Both the surgery and the anesthetic went badly. The patient proved to have a sicker heart than pre-op tests predicted. I couldn’t control the blood pressure. The essential communication and coordination between surgeon and anesthesiologist was lost. The patient bled profusely. I struggled alone and didn’t call for help. Where I had trained in the UK, asking for help was not part of the culture.
In the middle of the day, one of the senior anesthesiologists stepped into my operating room. He said, ‘I noticed there was a new resident doing a major case alone so I thought I’d see if you needed help.’

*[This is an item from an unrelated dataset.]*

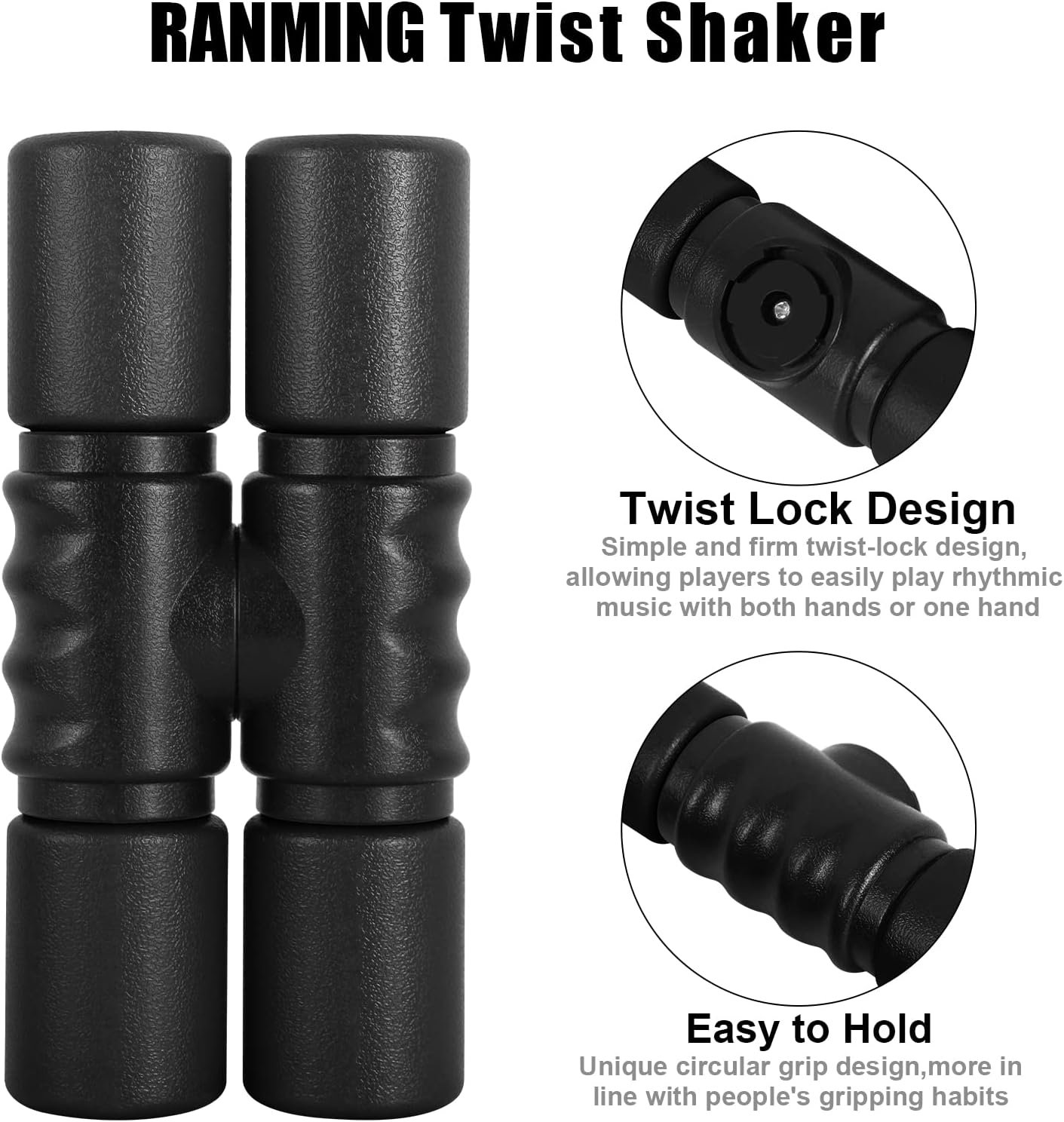 RANMING Twist Shaker ABS Double Row Shakers Percussion Instruments Medium Volumelatin Percussion Instruments for Accompaniment,Studio,Band,Drummers(Black)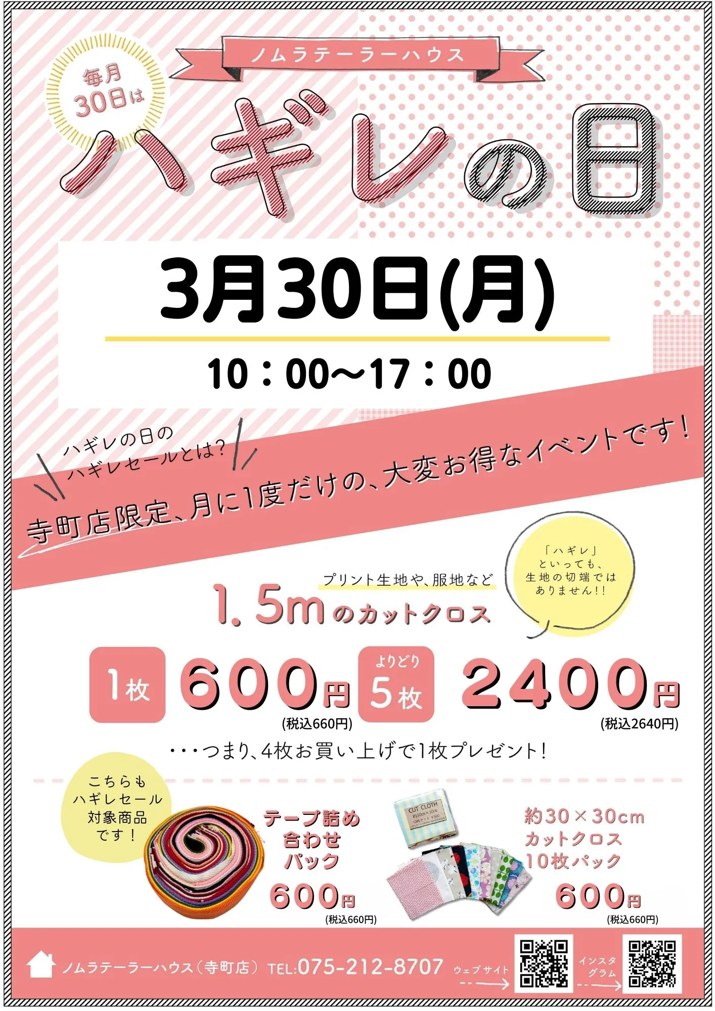 3月ハギレセールのお知らせ 寺町店 2026/03/01 こんにちは!ノムラテーラーハウスです😊 3月のハギレセールのお知らせです🏠 今月のハギレセールは、 《 3月30日(月) 10:00~17:00 》に開催します❣ みなさまのお越しをお待ちしております☺ <4月開催 かぎ針編みワークショップ 《3月》メインディスプレイが新しくなりました!> カテゴリ すべて オンラインショップ 四条本店 寺町店 そのほか 一覧に戻る

He quickly realized I was in serious difficulty. He sent me out for a break and by the time I returned, he had greatly improved my patient’s condition. I was deeply grateful for his empathic support and practical help. While I was glad for my patient, I felt ashamed of my failings.
My patient went to intensive care and his condition gradually worsened. Every time I was on-call, this patient appeared on the list of acute cases for the operating room. I felt like he was haunting me. I took him two more times to the operating room for treatment of complications but his condition deteriorated. He died after a month in intensive care.
I’m sure it’s the worst anesthetic I have given. This patient’s death hangs on my conscience. I thought I was competent to do the case but have since come to understand that I was set up to fail on that day. No doctor could have performed well in those circumstances.
Experiences like this are traumatizing for the doctor, creating fear and vulnerability. Both my patient and I were abandoned by an unsafe system – save for my kindly rescuer. The patient’s relatives live with their loss, I with my shame.